Hulusi'nin son cümlesine onay ister gibi bakmasına rağmen, Oswald duymamış gibi kendi bildiklerini anlatmaya devam etti;
-İşler bazı müttefik ülkeler arasında, çok da gizli yüremediği oluyor. Sizdeki petrol bulunuşunu ABD şirketleri, dolayısıyla hükümeti de duyuyor ve...
Sami;
-Ve... "Ortak olalım!" mı diyor ?
-Az önce Hulusi beyin de söylediği gibi, Türk kanunlarının yabancıyı fazla kısıtlaması petrol şirketlerini zorluyordu. Bu nedenle ABD'den gelen öneriyi hemen kabul ettiler ve petrol kuyularının üzerini betonla kapattılar.
-Neymiş gelen öneri ?
-Güneydoğudaki petroller için Türkiye ile anlaşmayın, Orta doğu planı içinde biz Irak'ın işgaliyle birlikte, o bölgede sömürebileceğimiz, her dediğimiz yapacak bir kukla Peşmerge devleti kuracağız. Anlaşmaların kurallarını da biz belirleyeceğiz.
-Ta.. o zamandan planladılar yani !
Oswald gülümsedi;
-Sizde sevdiğim özelliklerden biri de bu zaten uzun vadeli plan yapmıyor, gündemdekine göre tepki veriyorsunuz.

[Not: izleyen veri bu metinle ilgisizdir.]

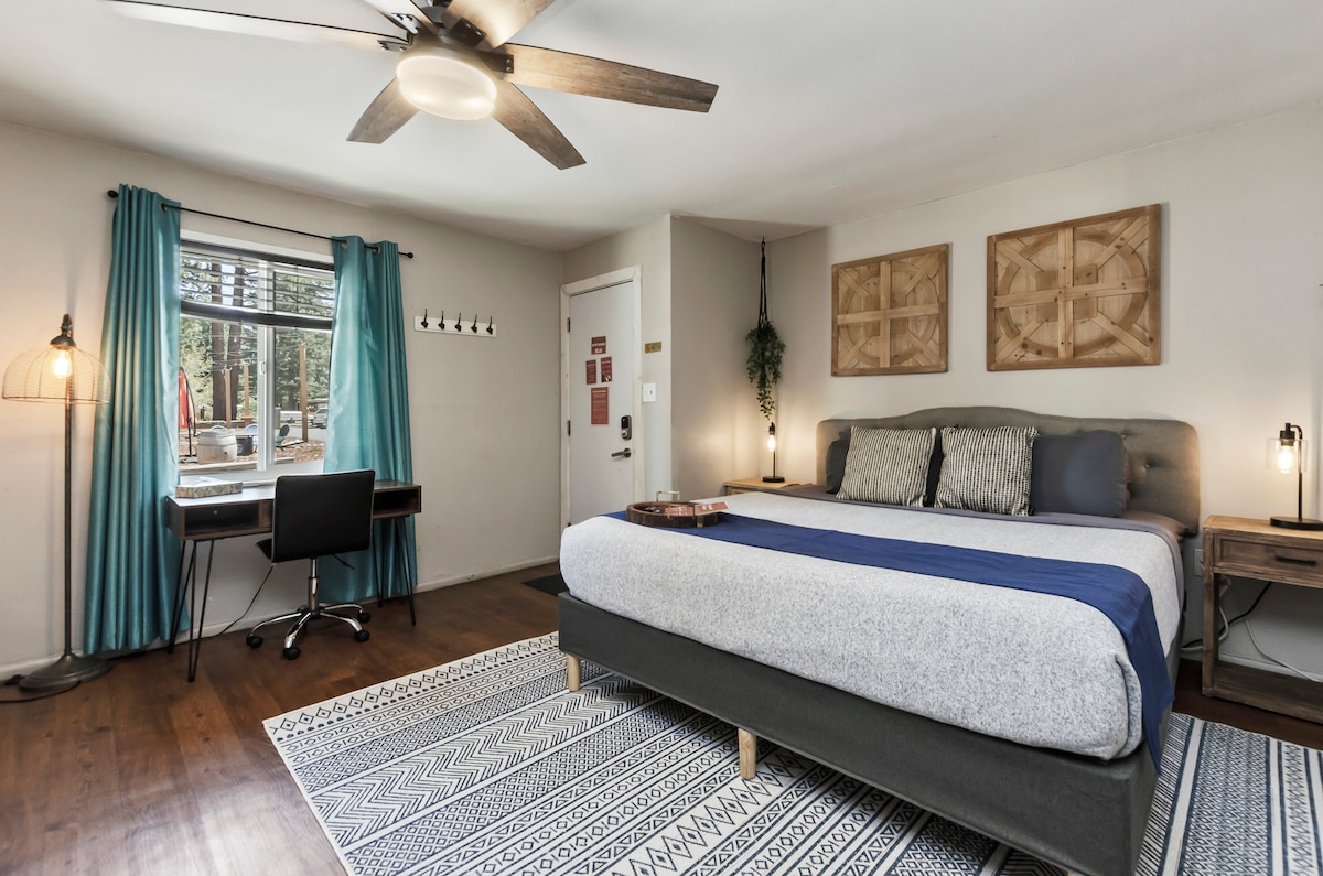 Bienvenue au Tahoe Mountain Inn, un hébergement de charme confortable au cœur de South Lake Tahoe. Chaque chambre dispose d'une décoration chaleureuse inspirée de la montagne et d'un confort moderne, offrant une base de détente pour toutes vos aventures à Tahoe. Il y a une cuisine commune sur place pour cuisiner et manger. Idéalement situé au 2644 Lake Tahoe Boulevard, nous sommes à quelques minutes des plages, des stations de ski, des sentiers de randonnée et des excellents restaurants locaux. Vous apprécierez le confort, la commodité et le style Tahoe dans chaque pièce.

Hulusi, rahatsız kıpırdadı;
-Oswald, alay etmeyi bırak da esasa gel.
-Alay etmek için değil di aslında ama bu özelliğiniz kişisel bazda güzel, ülkeyi ilgilendiren meselelerde ise aynı tarza devam etmeniz felaketinizi hazırlıyor. Petrol konusunda da uzun vadeli düşündüler ve sizin Güneydoğunuzdan topraklar vermenizi sağlamak için bir teörö örgütü kurdurttular. ABD'nin söylediği gibi ülkenizi bölmek ve petrol bölgelerini daha kolay yönetebilecekleri kişilerde bırakma planı başladı. Sizler ise hem teröristlere kzıyordunuz, hem de onları koruyan, besleyen Çekiç Güç'e göz yumdunuz.

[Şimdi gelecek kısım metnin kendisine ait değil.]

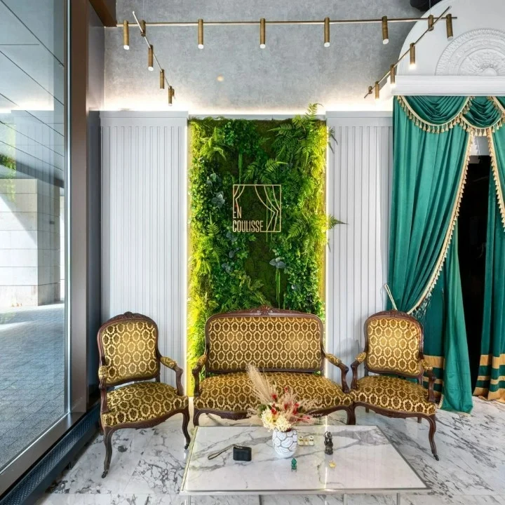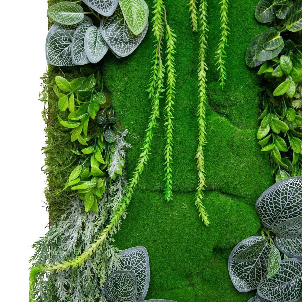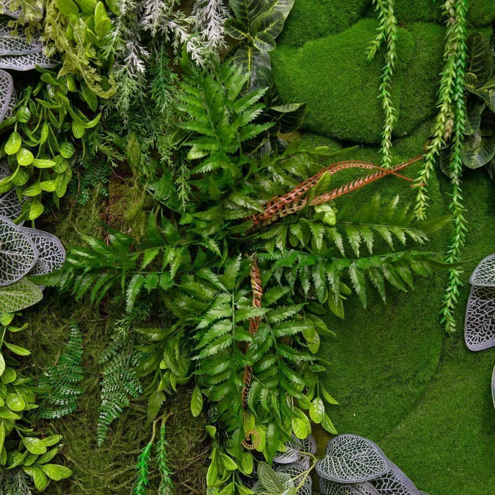 Фитостена, созданная из различных видов растений и зеленых камней премиального качества, образует гармоничную композицию, которая станет ярким акцентом в любом интерьере, будь то жилое или коммерческое помещение.

Çekiç güçteki bir yabancı askerin, Türk kaymakamına attığı tokadı hatırlayan Hulusi beyin rahatsızlığı iyice belli oluyor, sürekli ayak değiştiriyor, dışarılara bakıyordu. Sonunda sözün o kısmına birşeyler eklemesi gerektiğini düşündü;
-Musul'u kolayca ele geçirttiler peşmergelere, Kerkük'e de aynısını yapacaklardı ama tehditler,korkutup, baskı uygulayıp şehirden kaçırmaya çalışmaları ve yer yer ABD askerleri güvencesinde Türkleri öldürmeleri, yeterli olmadı. Nufüs ve Tapu dairelerini ele geçirip, Türklerin çokluğunu gösteren belgelerin çoğunu yaksalar da, dünyanın tepkisini almamak için Türkler'e yaptıkları baskıları, faili meçhul cinayetleri frenlemek zorunda kaldılar. Tabi bu arada öldürülenler devam etse de büyük çapta bir katliama cesaret edemediler.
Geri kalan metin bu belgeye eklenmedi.